In this notebook we present the pyJedAI schema matching functionality. In general Schema Matching looks for semantic correspondences between structures or models, such as database schemas, XML message formats, and ontologies, identifying different attribute names that describe the same feature (e.g., “profession” and “job” are semantically equivalent)

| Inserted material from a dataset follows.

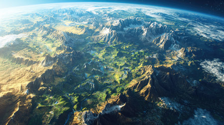 A 3D rendering of Earth showcasing various landforms such as mountains, valleys, rivers, and plains,

Website: https://delftdata.github.io/valentine
Valentine is an extensible open-source product to execute and organize large-scale automated matching processes on tabular data either for experimentation or deployment in real world data. Valentine includes implementations of seminal schema matching methods that we either implemented from scratch (due to absence of open source code) or imported from open repositories. To enable proper evaluation, Valentine offers a fabricator for creating evaluation dataset pairs that respect specific semantics.
!pip install pyjedai -U
!python --version
Python 3.9.16
import os
import sys
import pandas as pd
from pyjedai.utils import (
text_cleaning_method,
print_clusters,
print_blocks,
print_candidate_pairs
)
from pyjedai.evaluation import Evaluation
from pyjedai.datamodel import Data
d1 = pd.read_csv(r"C:\Users\nikol\Desktop\GitHub\pyJedAI-Dev\data\ccer\schema_matching\authors\authors1.csv")
d2 = pd.read_csv(r"C:\Users\nikol\Desktop\GitHub\pyJedAI-Dev\data\ccer\schema_matching\authors\authors2.csv")

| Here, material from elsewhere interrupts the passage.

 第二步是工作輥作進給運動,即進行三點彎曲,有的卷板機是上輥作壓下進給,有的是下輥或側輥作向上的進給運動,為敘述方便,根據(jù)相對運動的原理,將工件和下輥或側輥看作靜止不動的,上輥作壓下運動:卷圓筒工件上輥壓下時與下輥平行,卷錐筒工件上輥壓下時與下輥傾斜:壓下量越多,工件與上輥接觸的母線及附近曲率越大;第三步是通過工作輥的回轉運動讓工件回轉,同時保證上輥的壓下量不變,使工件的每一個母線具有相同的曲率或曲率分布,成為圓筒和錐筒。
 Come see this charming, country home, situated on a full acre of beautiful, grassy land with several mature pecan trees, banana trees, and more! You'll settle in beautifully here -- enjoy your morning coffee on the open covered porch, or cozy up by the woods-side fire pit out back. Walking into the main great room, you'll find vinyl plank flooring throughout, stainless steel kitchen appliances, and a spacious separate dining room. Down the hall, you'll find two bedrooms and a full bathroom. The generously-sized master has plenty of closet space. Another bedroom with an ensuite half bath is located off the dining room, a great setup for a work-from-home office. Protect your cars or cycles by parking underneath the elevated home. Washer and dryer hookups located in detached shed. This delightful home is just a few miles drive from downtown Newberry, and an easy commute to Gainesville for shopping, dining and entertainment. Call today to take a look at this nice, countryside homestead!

gt = pd.read_csv(r"C:\Users\nikol\Desktop\GitHub\pyJedAI-Dev\data\ccer\schema_matching\authors\pairs.csv")
data = Data(
dataset_1=d1,
attributes_1=['EID','Authors','Cited by','Title','Year','Source tittle','DOI'],
id_column_name_1='EID',
dataset_2=d2,
attributes_2=['EID','Authors','Cited by','Country','Document Type','City','Access Type','aggregationType'],
id_column_name_2='EID',
ground_truth=gt,
)
from pyjedai.schema.matching import ValentineMethodBuilder, ValentineSchemaMatching
sm = ValentineSchemaMatching(ValentineMethodBuilder.cupid_matcher())
sm.process(data)
matches = sm.get_matches()
sm.print_matches()
sm.evaluate()